A new hub is being trialled which should work in 96.5% of homes. This should be available in 2018. Energy suppliers will provide a solution for the remaining homes.

Your energy meter is kept in a confined space, too small for smart meter installers to work

If your meter is in a small cupboard or another confined space, then the technician can't install your smart meter. They may ask you to dismantle the cupboard or move other obstacles to reach the meter.

If your old meter was faulty, your energy payments will change

If you had a faulty old meter, your bills may change with a new, accurate smart meter. An energy company can charge you retrospectively for the previous year if you have paid too little.

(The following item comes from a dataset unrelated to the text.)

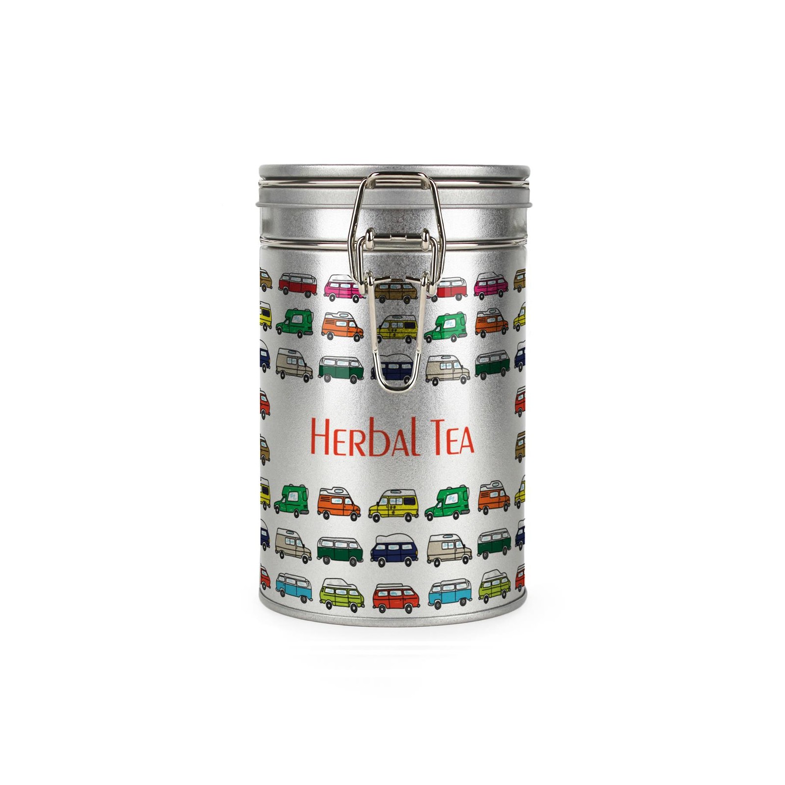 Campervans Herbal Tea Canister - Silver Kitchen Storage Gift Tin for Campers

If you have paid too much, your supplier has to refund you for the whole period that the meter was faulty.

You have solar panels and a smart meter is not compatible

We’ve heard from members with solar panels who have been refused a smart meter, and from others who have had a smart meter installed that does not work with their solar panels.

The government department for Business, Energy and Industrial Strategy (BEIS) told us that all smart (SMETS) meters can measure energy consumed (imported) and exported back into the grid. Smart Energy GB states that in-home displays will show how much energy you’re buying from your supplier, but not necessarily energy you generate. (Solar panel owners already have a PV-generation meter that tells them how much electricity their system is generating.)

EDF says it has installed smart meters for customers with solar panels. British Gas, First Utility, Ovo Energy and Utilita told us that they are also able to install smart meters at homes with solar panels. SSE is also able to install but advises customers to wait until technical constraints are resolved.

Neither Eon nor Npower are yet installing smart meters for customers with solar panels. Eon hopes to being in the ‘coming months’, following industry-wide technical problems in the earlier stages of the roll-out which have now been resolved. 

Scottish Power told us it could not share this commercially sensitive information with us.

If you have solar panels and are offered a smart meter, make sure your supplier is aware. Check whether your smart meter and in-home display will work fully with them.